WORK REQUEST: Output the data below only from the line containing "Sports Tank Three-pieces" up to and including the line containing "Tá struchtúr cobhsaí", exact and with the pictures left out.

EXERCISE INPUT:
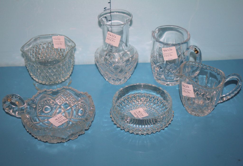 Six Pieces of Glass Including Waterford Milk Pitcher (4" h.), a Dish (4" dia.), a Crystal Vase (5 1/2" h.), a Pressed Glass Nappy (6" dia.), a Pressed Glass Pitcher (3 1/2" h.), and a Pressed Glass Sugar (3 1/2" h.)
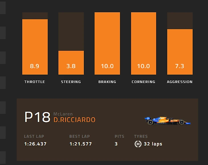 Риккардо идеально отработал торможения и повороты, да и с педалью газа вплотную подошел к идеалу.
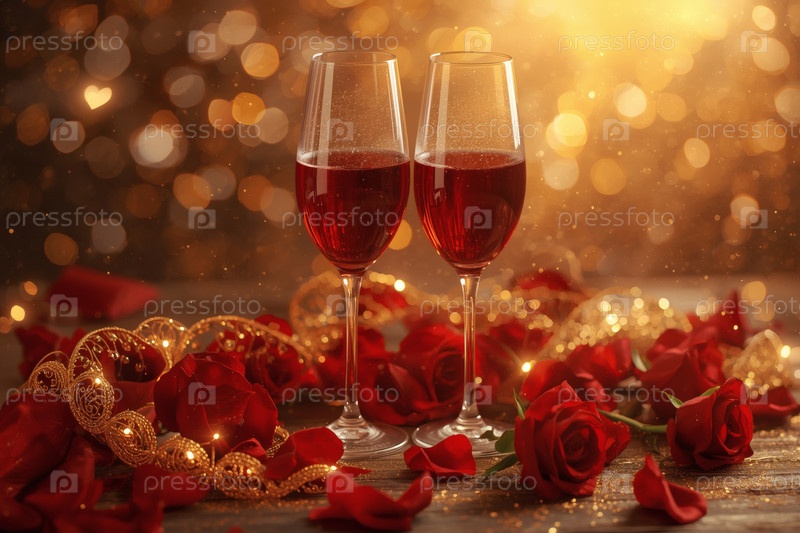 Концепция Дня Святого Валентина: два бокала красного вина, шоколад в окружении красных цветов и сердца на День святого Валентина
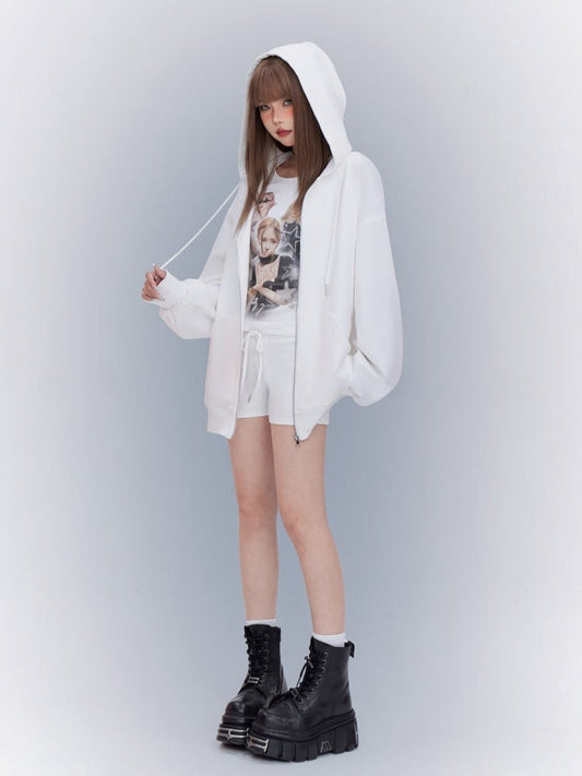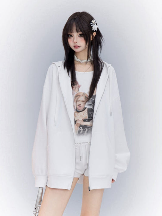 Sports Tank Three-pieces White Set-Zip Top+Shorts Closure Hoodie+Graphic
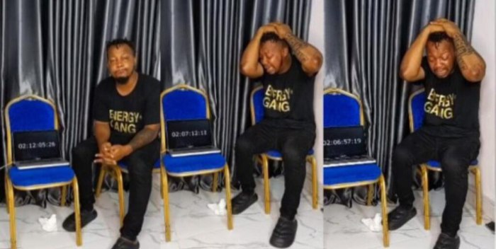 En el video, el joven aparece sentado en una silla, evidentemente llorando, junto a un cronometro que marcaba al parecer dos horas y varios minutos haciendo el reto.
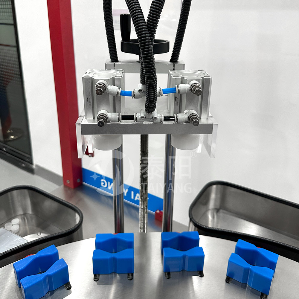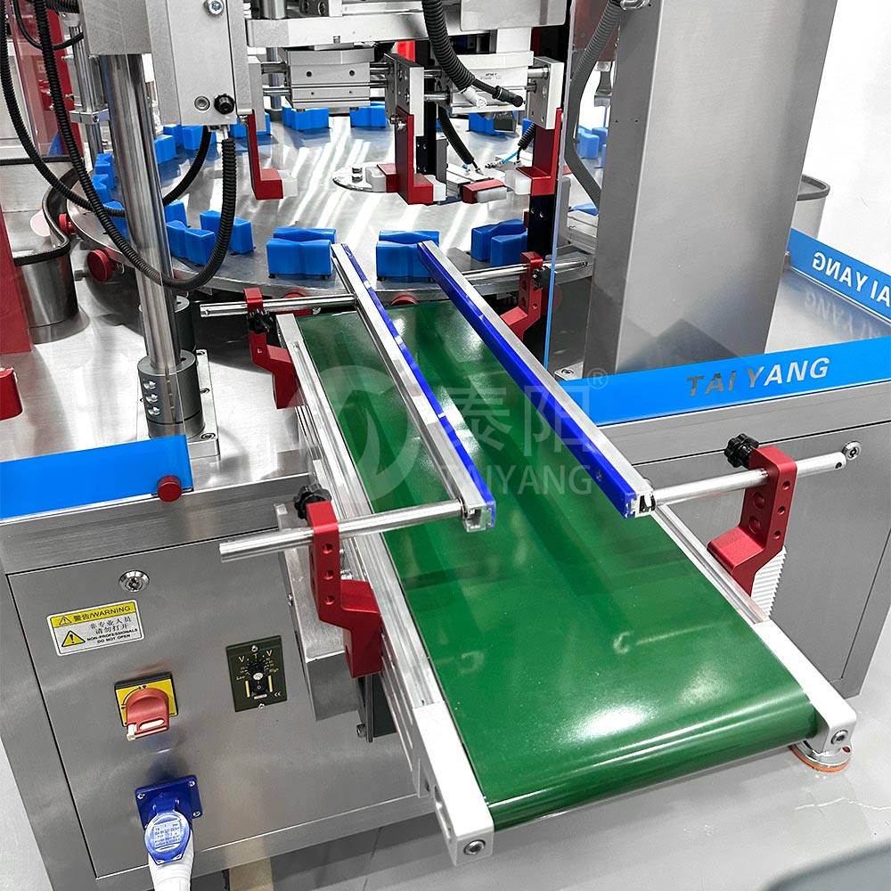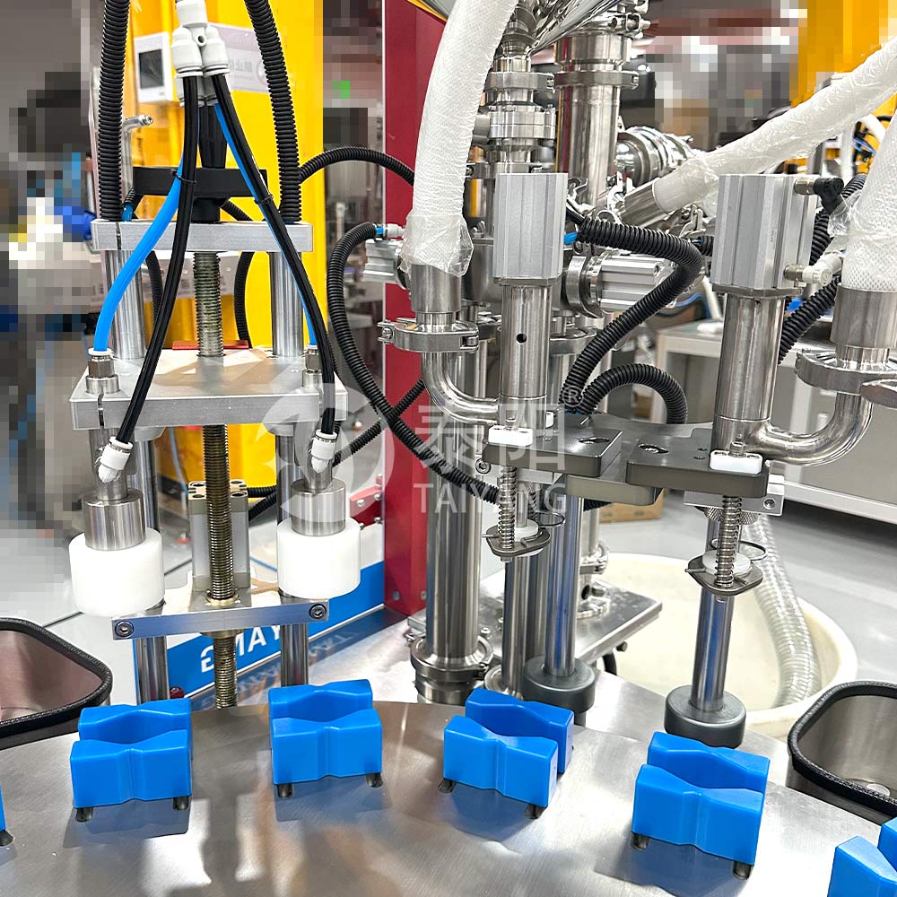 Tá struchtúr cobhsaí i struchtúr ag an meaisín líonta agus uasteorann lóis Taiyang seo. Ritheann an turntable go réidh agus go cruinn, ag cinntiú leanúnachas agus réidh na bpróiseas líonta agus uasteorannú. Tá an meaisín líonta agus uasteorann lóis Taiyang oiriúnach go háirithe oiriúnach chun buidéil bheaga-toirte, buidéil de chruthanna speisialta, réitigh uiscí, lóiseanna, uachtair agus olaí a líonadh. Is féidir leis dul in oiriúint go foirfe do réitigh agus uachtair uiscí an -sreabhach le slaodacht áirithe. Le linn an phróisis líonta, is féidir an ráta sreafa a rialú go cruinn chun a chinntiú gur féidir gach pacáiste toirte beag a líonadh go cruinn, ag seachaint dramhaíola agus líonadh neamhleor. Is trealamh idéalach é an líonadh agus an t-uasteorannú lóis Taiyang Lotion Meaisín chun táirgeadh éifeachtach agus cruinn uisce, lóiseanna, uachtair agus táirgí eile a tháirgeadh.
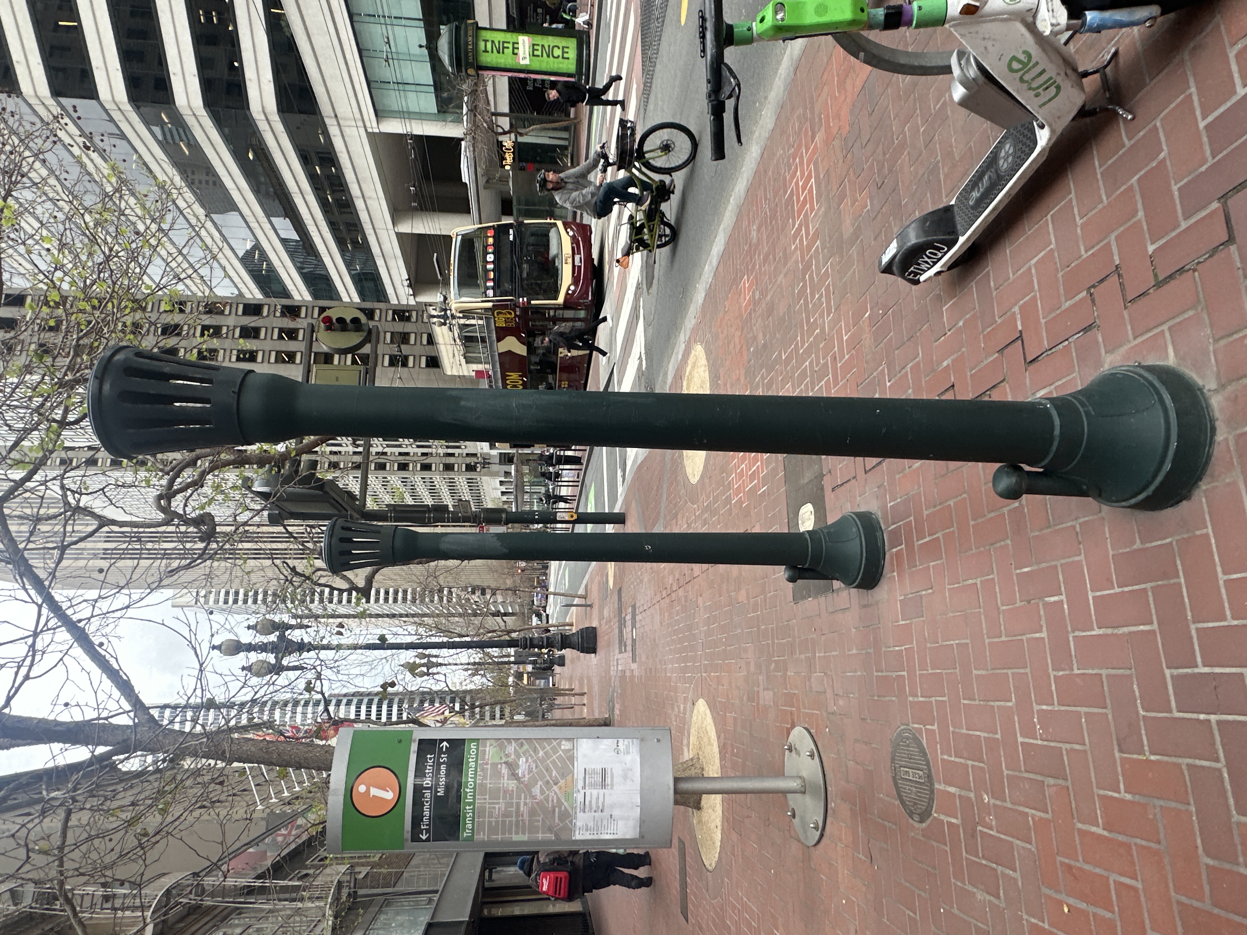 More precisely, these distinctive lamp post-like structures are often subtle exhaust vents for the Bay Area Rapid Transit, or BART, system. Given this location in the Financial District, it's highly likely these are connected to the deep tunnels that carry BART trains beneath the city. As trains move through these subterranean passages, they create considerable air pressure, and these vents allow that pressure to equalize at the surface, preventing uncomfortable air surges for passengers and maintaining air quality in the tunnels. While they may not light up like traditional lamps, their carefully designed tops with slats allow air to flow out effectively.
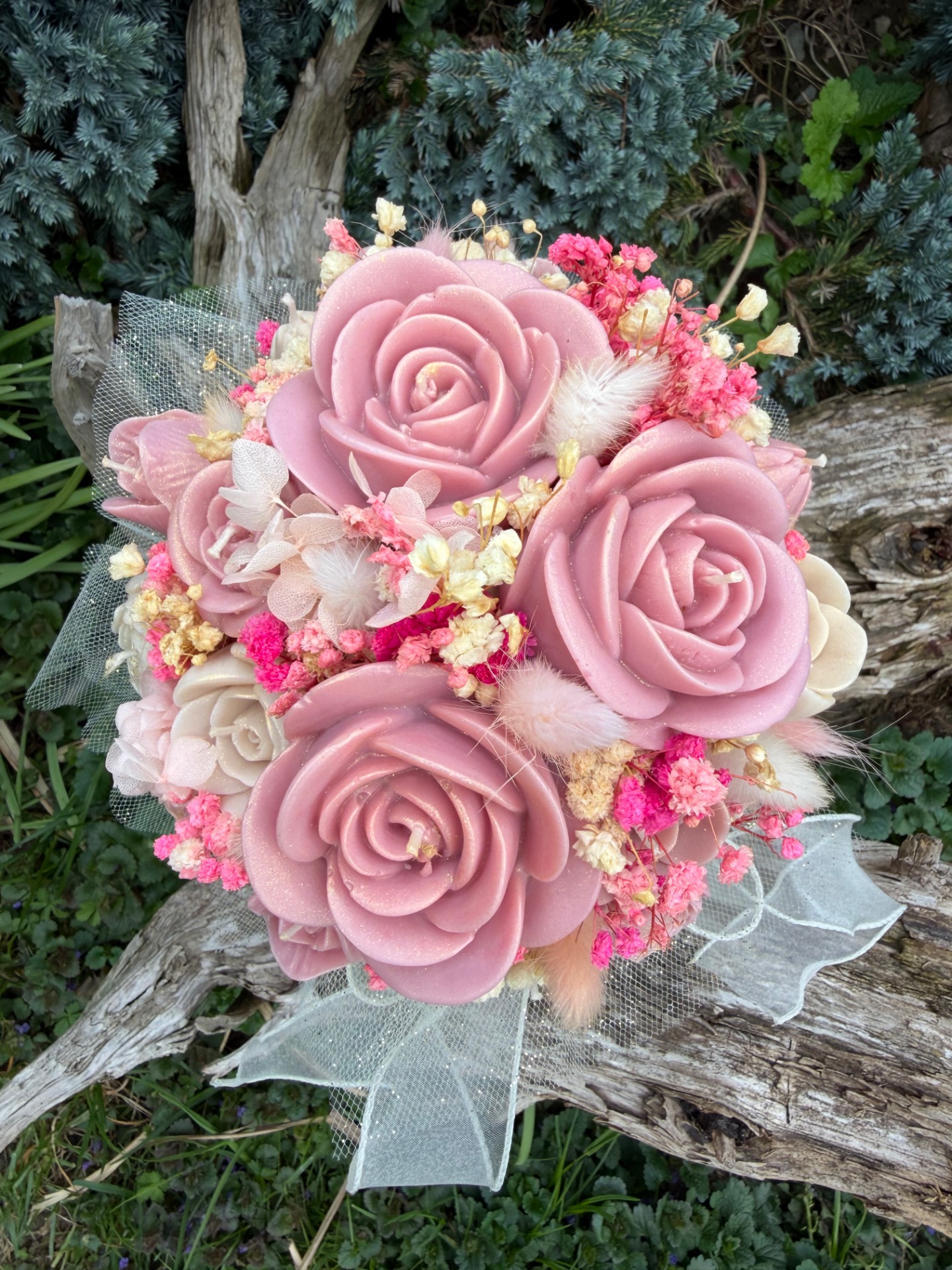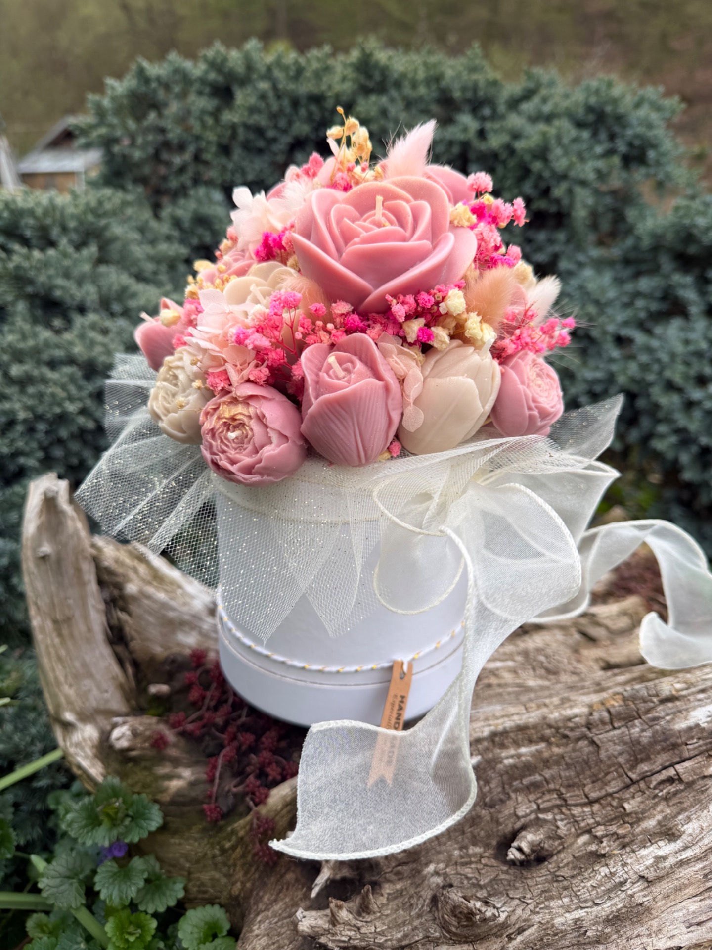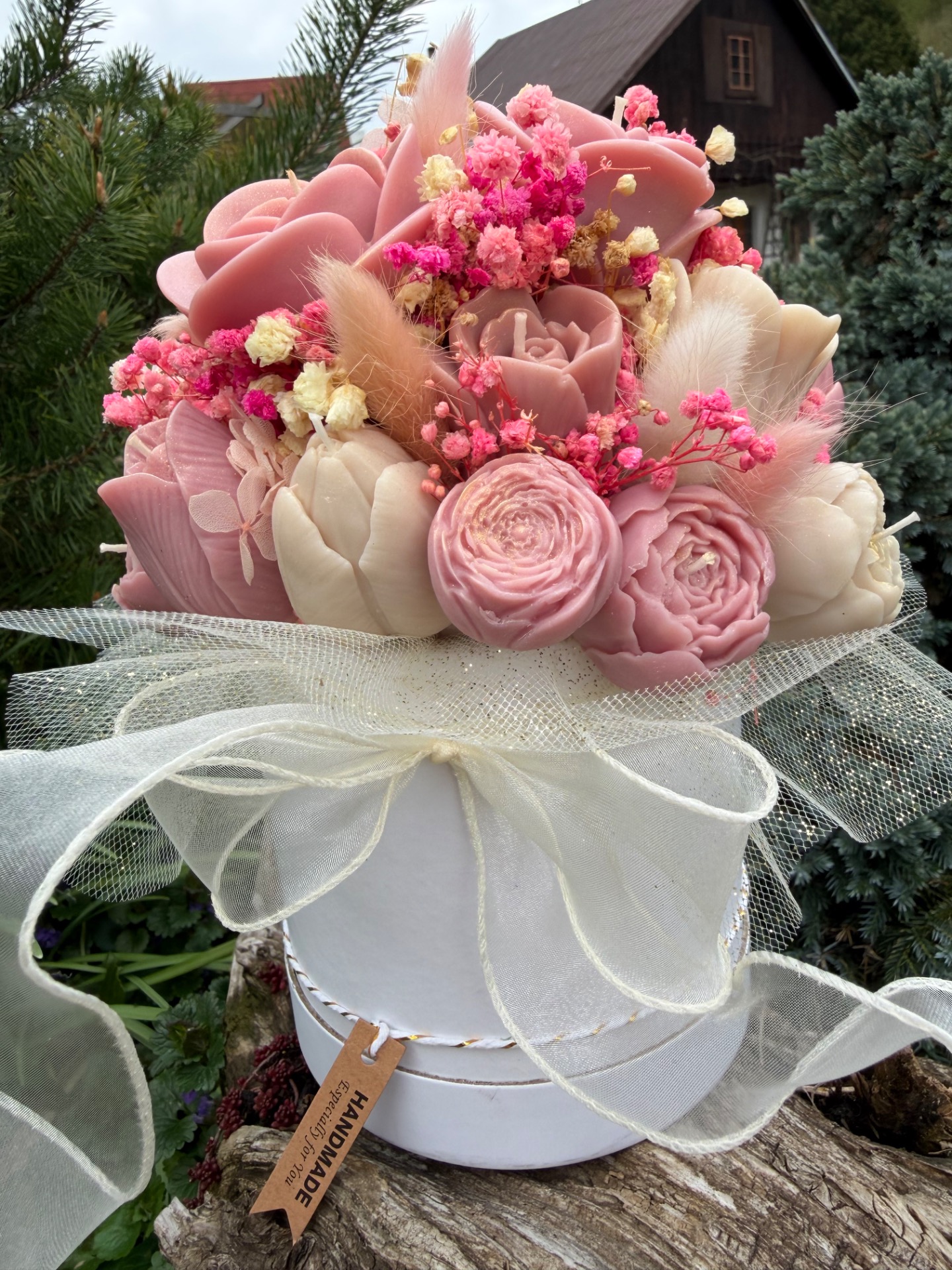 Materiál svíček je sójový vosk a květiny jsou přírodní sušené.
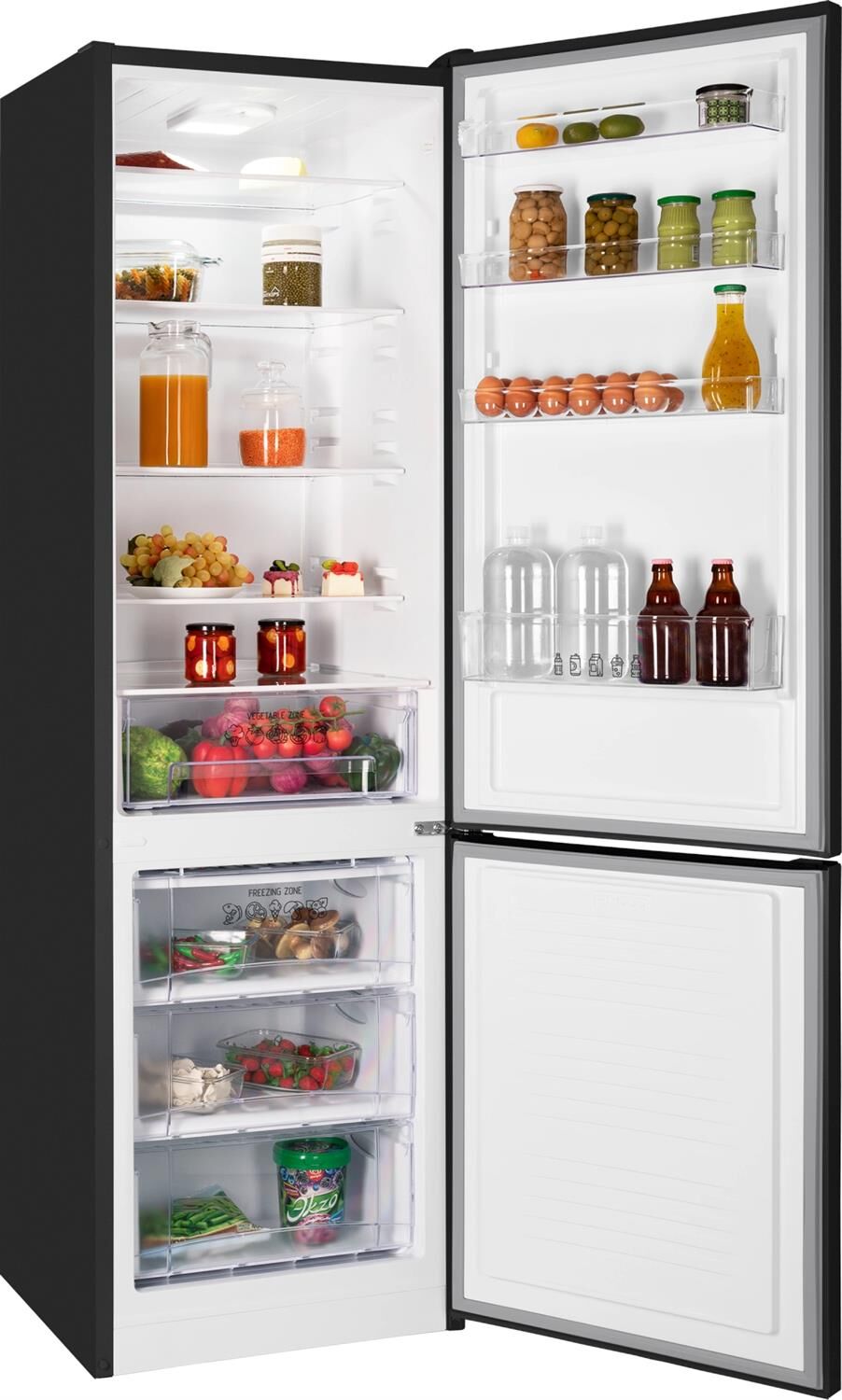 2-камерный, 338 л (ХК 238 л + МК 100 л), класс А+, LED-освещение, МК внизу, 5 полок стекло, выдвижной овощной ящик, 3 отделения в МК, автоматическая система оттаивания, 198х57х62,5 см, цвет: черный матовый

THE COMPLETED TASK:
 Sports Tank Three-pieces White Set-Zip Top+Shorts Closure Hoodie+Graphic
 En el video, el joven aparece sentado en una silla, evidentemente llorando, junto a un cronometro que marcaba al parecer dos horas y varios minutos haciendo el reto.
 Tá struchtúr cobhsaí i struchtúr ag an meaisín líonta agus uasteorann lóis Taiyang seo. Ritheann an turntable go réidh agus go cruinn, ag cinntiú leanúnachas agus réidh na bpróiseas líonta agus uasteorannú. Tá an meaisín líonta agus uasteorann lóis Taiyang oiriúnach go háirithe oiriúnach chun buidéil bheaga-toirte, buidéil de chruthanna speisialta, réitigh uiscí, lóiseanna, uachtair agus olaí a líonadh. Is féidir leis dul in oiriúint go foirfe do réitigh agus uachtair uiscí an -sreabhach le slaodacht áirithe. Le linn an phróisis líonta, is féidir an ráta sreafa a rialú go cruinn chun a chinntiú gur féidir gach pacáiste toirte beag a líonadh go cruinn, ag seachaint dramhaíola agus líonadh neamhleor. Is trealamh idéalach é an líonadh agus an t-uasteorannú lóis Taiyang Lotion Meaisín chun táirgeadh éifeachtach agus cruinn uisce, lóiseanna, uachtair agus táirgí eile a tháirgeadh.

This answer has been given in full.